В том, что Майориан все-таки не вывалился из седла, его заслуги не было. Чья угодно была — покладистого коня, наставников, которые выучили на совесть, ровной дороги… а сам бы свалился точно: удостоился похвалы, не прошло и двух десятков лет. И — за что? За цитирование священных текстов не ко времени и необдуманные действия без позволения.

«Кого боги хотят покарать — лишают разума. Посредством определения на службу к черт зна… да даже черт не знает, к кому!» — пришел к окончательному и бесповоротному выводу Майориан.

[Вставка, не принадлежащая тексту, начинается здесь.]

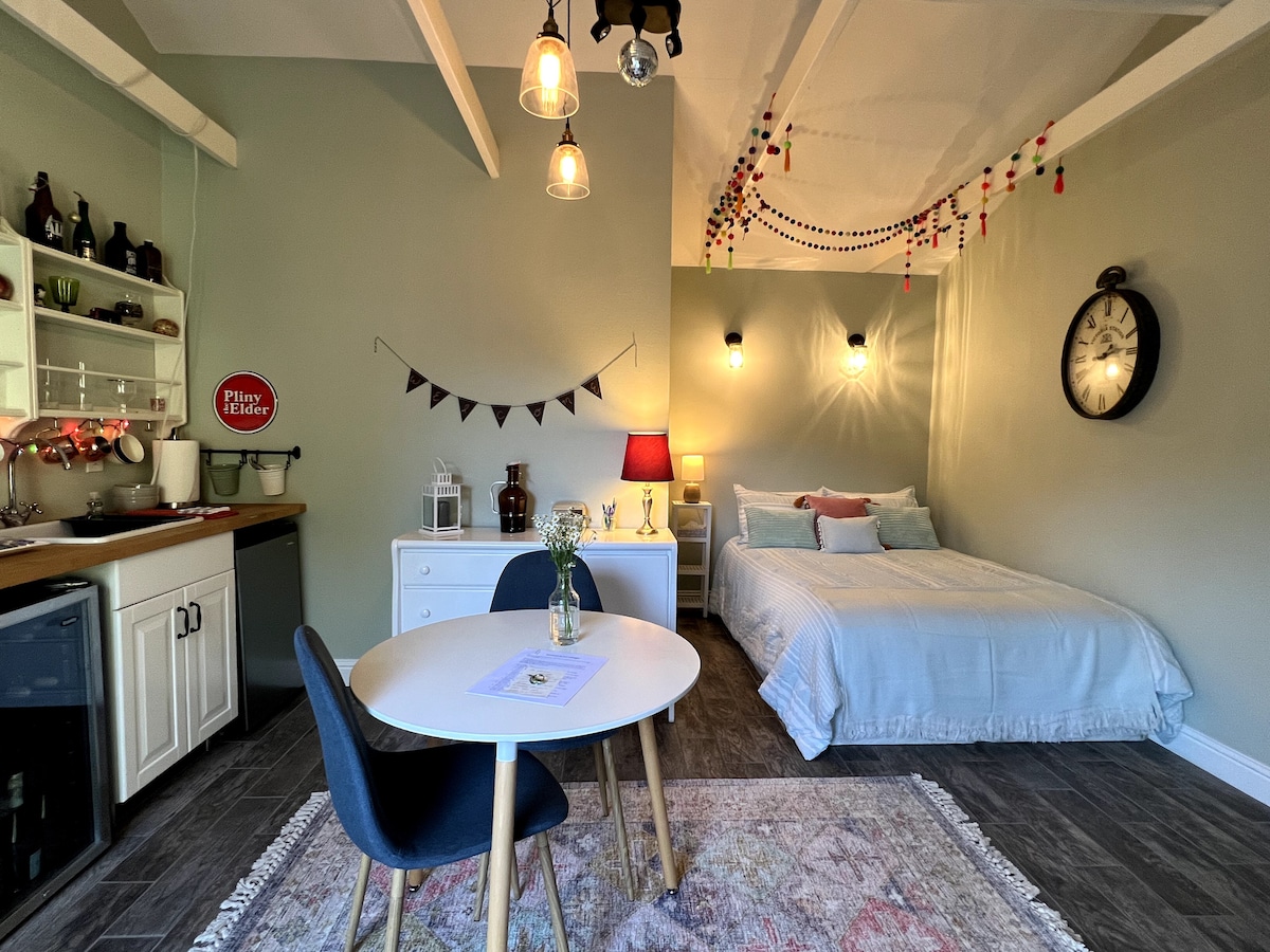Ten todo el Área de la Bahía al alcance de tu mano... ¡y justo afuera de tu ventana! Este estudio privado escondido en las estribaciones de Oakland es el punto de partida perfecto para aventuras. A 9 minutos en auto y puedes estar en el tren a San Francisco. El Coliseo y las secuoyas están a pocos minutos, al igual que muchas otras atracciones*. Te daremos la bienvenida a casa con una cómoda cama tamaño king y una serena vista al jardín. Disfruta del café/té mientras te instalas en la mesa, y nuestro wifi de alta velocidad te tiene cubierto. ¿Tienes un vehículo eléctrico? ¡Carga nivel 2 durante la noche (J1772)!

Поздновато, конечно, пришел. Раньше надо было.

452 год от Р.Х., Мутина[20]

Майориан не спал в седле по очень уважительной причине — никакого седла поблизости не обнаруживалось. А вот тому, что он не спал просто так, он никакой уважительной причины не находил. Просто сон не шел… никуда. И не ехал. Тоже никуда, а особенно к нему. Хотя найти Майорана было просто — он сидел на табурете в знакомом улье и смотрел на очень белую стену. Очень белую и очень плохо побеленную. Известь легла неровно, неумелая кисть оставляла бороздки и завитки, взгляд застревал в них, скатывался по ним куда-то в сторону сна — и не мог добраться.

вернуться

20

Современная Модена.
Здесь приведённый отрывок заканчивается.